Or, consider a text-to-image application where the pipeline consists of an LLM and a diffusion model, which are used to encode the input text and synthesize an image from the encoded text, respectively. Furthermore, many applications require some preprocessing steps on the input data before feeding it to the ML models, or postprocessing steps on the output of these models. For example, input images might need to be resized, cropped, and decoded before being fed to computer vision models, or text inputs need to be tokenized before being fed to an LLM.

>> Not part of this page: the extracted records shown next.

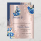 Elegant chic vin flaska med blått rosor och ro guld glitter med ro guld som bakgrund.
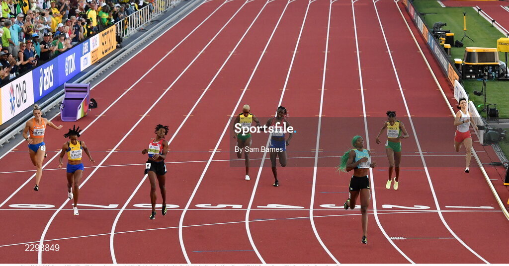 22 July 2022; Shaunae Miller-Uibo of Bahamas wins the women's 400m final during day eight of the World Athletics Championships at Hayward Field in Eugene, Oregon, USA. Photo by Sam Barnes/Sportsfile
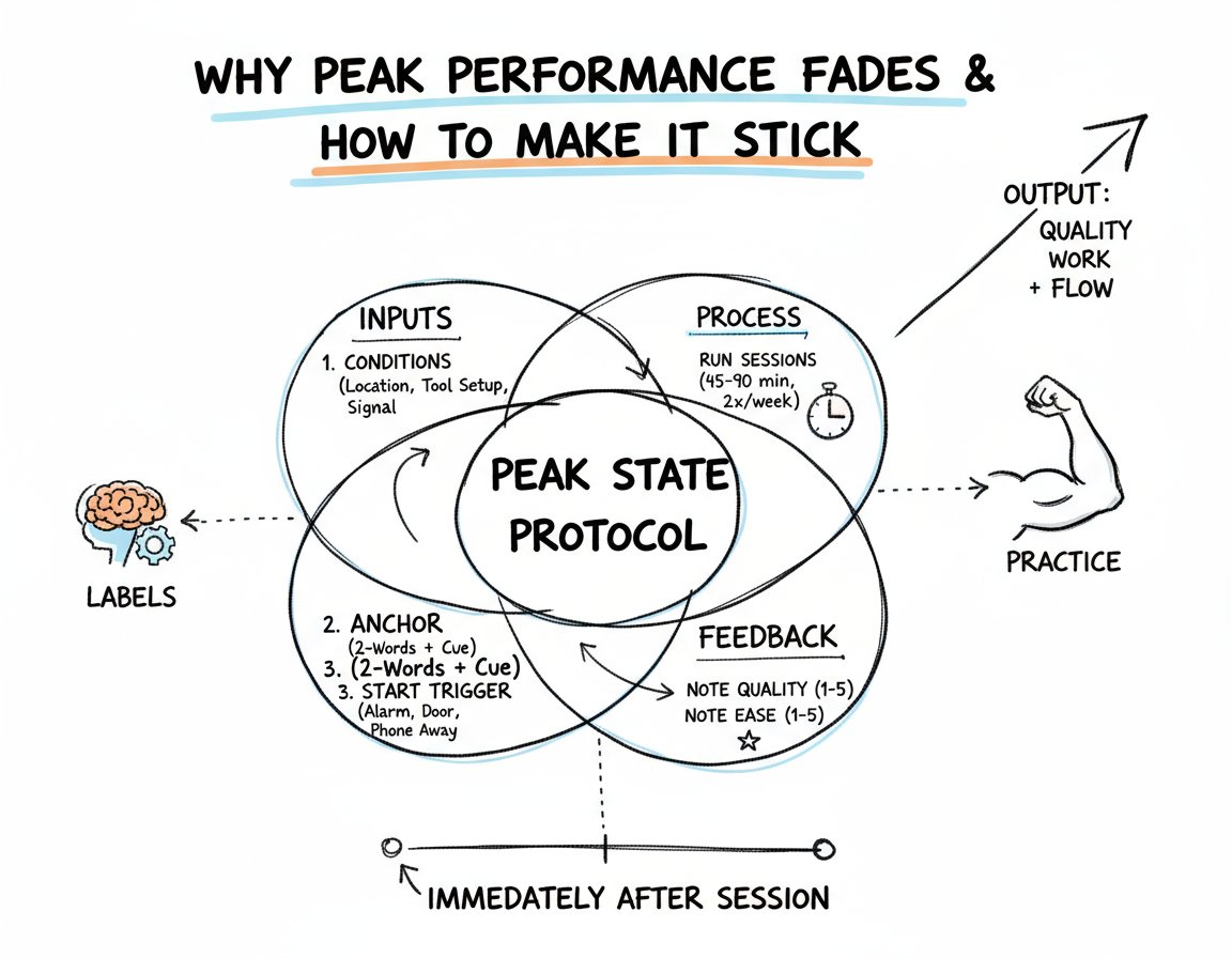 Pick your last peak performance hour. Write down the three conditions that made it work (location, tools, signals). Name that state in two words and link it to one visible cue you can trigger.
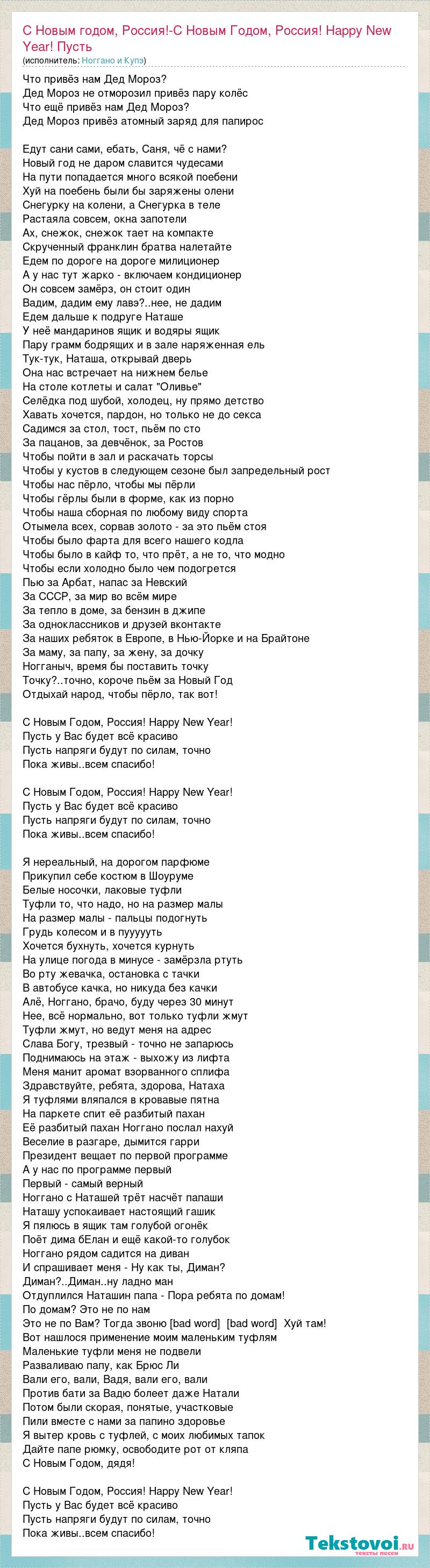 Что привёз нам Дед Мороз? Дед Мороз не отморозил привёз пару колёс Что ещё привёз нам Дед Мороз? Дед Мороз привёз атомный заряд для папирос Едут сани сами, ебать, Саня, чё с нами? Новый год не даром славится чудесами На пути попадается много всякой поебени Хуй на поебень были бы заряжены олени Снегурку на колени, а Снегурка в теле Растаяла совсем, окна запотели Ах, снежок, снежок тает на компакте Скрученный франклин братва налетайте Едем по дороге на дороге милиционер А у нас тут жарко - включаем кондиционер Он совсем замёрз, он стоит один Вадим, дадим ему лавэ?..нее, не дадим Едем дальше к подруге Наташе У неё мандаринов ящик и водяры ящик Пару грамм бодрящих и в зале наряженная ель Тук-тук, Наташа, открывай дверь Она нас встречает на нижнем белье На столе котлеты и салат "Оливье" Селёдка под шубой, холодец, ну прямо детство Хавать хочется, пардон, но только не до секса Садимся за стол, тост, пьём по сто За пацанов, за девчёнок, за Ростов Чтобы пойти в зал и раскачать торсы Чтобы у кустов в следующем сезоне был запредельный рост Чтобы нас пёрло, чтобы мы пёрли Чтобы гёрлы были в форме, как из порно Чтобы наша сборная по любому виду спорта Отымела всех, сорвав золото - за это пьём стоя Чтобы было фарта для всего нашего кодла Чтобы было в кайф то, что прёт, а не то, что модно Чтобы если холодно было чем подогрется Пью за Арбат, напас за Невский За СССР, за мир во всём мире За тепло в доме, за бензин в джипе За одноклассников и друзей вконтакте За наших ребяток в Европе, в Нью-Йорке и на Брайтоне За маму, за папу, за жену, за дочку Ногганыч, время бы поставить точку Точку?..точно, короче пьём за Новый Год Отдыхай народ, чтобы пёрло, так вот! С Новым Годом, Россия! Happy New Year! Пусть у Вас будет всё красиво Пусть напряги будут по силам, точно Пока живы..всем спасибо! С Новым Годом, Россия! Happy New Year! Пусть у Вас будет всё красиво Пусть напряги будут по силам, точно Пока живы..всем спасибо! Я нереальный, на дорогом парфюме Прикупил себе костюм в Шоуруме Белые носочки, лаковые туфли Туфли то, что надо, но на размер малы На размер малы - пальцы подогнуть Грудь колесом и в пуууууть Хочется бухнуть, хочется курнуть На улице погода в минусе - замёрзла ртуть Во рту жевачка, остановка с тачки В автобусе качка, но никуда без качки Алё, Ноггано, брачо, буду через 30 минут Нее, всё нормально, вот только туфли жмут Туфли жмут, но ведут меня на адрес Слава Богу, трезвый - точно не запарюсь Поднимаюсь на этаж - выхожу из лифта Меня манит аромат взорванного сплифа Здравствуйте, ребята, здорова, Натаха Я туфлями вляпался в кровавые пятна На паркете спит её разбитый пахан Её разбитый пахан Ноггано послал нахуй Веселие в разгаре, дымится гарри Президент вещает по первой программе А у нас по программе первый Первый - самый верный Ноггано с Наташей трёт насчёт папаши Наташу успокаивает настоящий гашик Я пялюсь в ящик там голубой огонёк Поёт дима бЕлан и ещё какой-то голубок Ноггано рядом садится на диван И спрашивает меня - Ну как ты, Диман? Диман?..Диман..ну ладно ман Отдуплился Наташин папа - Пора ребята по домам! По домам? Это не по нам Это не по Вам? Тогда звоню [bad word] [bad word] Хуй там! Вот нашлося применение моим маленьким туфлям Маленькие туфли меня не подвели Разваливаю папу, как Брюс Ли Вали его, вали, Вадя, вали его, вали Против бати за Вадю болеет даже Натали Потом были скорая, понятые, участковые Пили вме
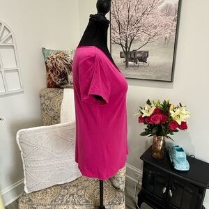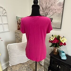 This vibrant pink t-shirt from Banana Republic features a fitted design with short sleeves, crafted from a soft and stretchy knit fabric. The scoop neckline adds a touch of elegance, making it a versatile addition to any wardrobe.
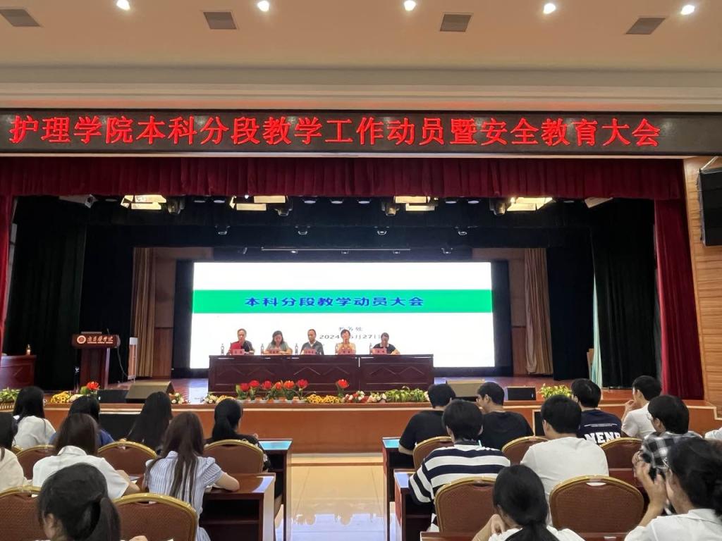 为深入贯彻落实国务院办公厅《关于加快医学教育创新发展的指导意见》精神,深入推进新医科建设,经学校党委审议决定2024年我校将在22级护理本科专业开展分段式教学改革。6月27日上午,sunbet申搏官方网站召开本科分段式教学动员暨安全教育大会。出席本次大会的有教务处实习科长王向东、sunbet申搏官方网站副院长胡颖辉、sunbet申搏官方网站党委副书记陈敏、sunbet申搏官方网站教学秘书唐婷、22级本科班辅导员及22级本科全体同学。会议由sunbet申搏官方网站团学办公室主任马俊主持。

In recent years, the number of parameters in ML models has skyrocketed, and they are increasingly tasked with serving very large consumer bases; hence, optimizing the inference pipeline has become more critical than ever before. Tools like NVIDIA TensorRT and FasterTransformer optimize individual deep learning models for lower latency and higher throughput when performing inference on GPUs.

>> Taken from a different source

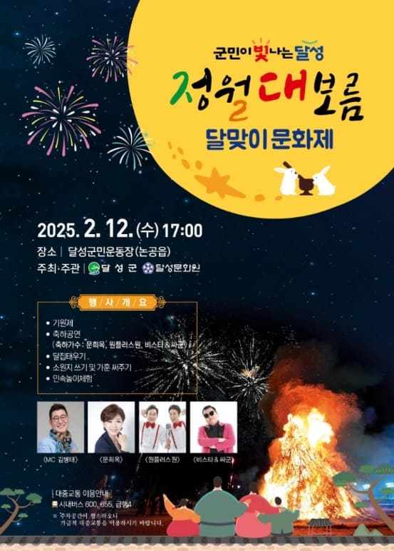 이번 정월대보름에는 대구와 경북 곳곳에서 다채로운 행사가 열리니, 가까운 행사장을 방문하여 가족, 친구들과 함께 전통문화를 체험하고 풍성한 명절 분위기를 즐겨보시기 바랍니다.
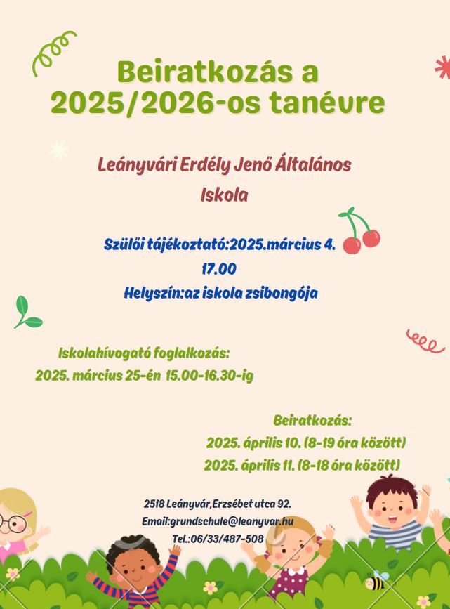 Beiratkozás 2025/2026Tájékoztató nemzetiségi oktatásról Beiratkozási körzetek Tankerületi közlemény További felvételi lehetőségről szóló tájékoztató Tájékoztató beiratkozás elektronikus ügyintézéséről a KRÉTÁ-ban

However, our overarching goal is not to speed up the inference on individual ML models, but the entire inference pipeline. For example, when serving models on GPU, having preprocessing and postprocessing steps on CPU slows down the performance of the entire pipeline even when the model execution step is fast. The most efficient solution for an inference pipeline is to have preprocessing, model execution, and postprocessing steps all running on GPUs. The efficiency of this end-to-end inference pipeline on GPU comes from the following two key factors.

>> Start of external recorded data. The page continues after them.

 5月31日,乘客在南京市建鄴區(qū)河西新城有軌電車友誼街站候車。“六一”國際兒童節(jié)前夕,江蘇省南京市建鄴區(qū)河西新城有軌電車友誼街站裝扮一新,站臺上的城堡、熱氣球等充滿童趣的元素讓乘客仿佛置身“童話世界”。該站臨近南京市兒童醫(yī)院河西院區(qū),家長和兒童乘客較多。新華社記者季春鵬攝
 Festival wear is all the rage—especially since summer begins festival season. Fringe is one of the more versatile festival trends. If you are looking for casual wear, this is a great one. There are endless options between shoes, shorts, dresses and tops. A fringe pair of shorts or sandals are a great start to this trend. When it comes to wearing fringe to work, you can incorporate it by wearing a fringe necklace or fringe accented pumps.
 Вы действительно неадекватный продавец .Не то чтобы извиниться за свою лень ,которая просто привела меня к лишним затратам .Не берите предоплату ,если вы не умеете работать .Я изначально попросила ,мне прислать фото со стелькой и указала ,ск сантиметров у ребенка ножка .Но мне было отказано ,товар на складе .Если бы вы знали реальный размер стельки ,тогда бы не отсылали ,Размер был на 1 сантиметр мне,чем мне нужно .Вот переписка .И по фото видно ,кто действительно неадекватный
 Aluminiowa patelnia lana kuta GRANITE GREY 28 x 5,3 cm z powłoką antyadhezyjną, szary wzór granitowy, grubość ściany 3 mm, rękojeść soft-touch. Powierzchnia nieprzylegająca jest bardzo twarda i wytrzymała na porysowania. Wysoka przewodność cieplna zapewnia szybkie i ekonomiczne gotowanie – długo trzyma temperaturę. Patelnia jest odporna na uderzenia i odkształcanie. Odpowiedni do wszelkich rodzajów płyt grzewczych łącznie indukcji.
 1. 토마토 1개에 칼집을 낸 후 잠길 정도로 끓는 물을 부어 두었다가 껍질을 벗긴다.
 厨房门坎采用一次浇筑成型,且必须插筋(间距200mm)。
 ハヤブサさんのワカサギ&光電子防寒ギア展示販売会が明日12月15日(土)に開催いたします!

Data does not need to be copied back and forth between CPU (host) and GPU (device) in between pipeline steps.
Strong computational power of the GPU is utilized for the entire inference pipeline.

NVIDIA Triton Inference Server is open-source inference serving software to deploy and run models at scale on both CPU and GPU. Among many features, NVIDIA Triton supports ensemble models, which enable you to define the inference pipeline as an ensemble of models in the form of a Directed Acyclic Graph (DAG). NVIDIA Triton will handle the execution of the entire pipeline. The ensemble model defines how the output tensor of one model is fed as an input to the other.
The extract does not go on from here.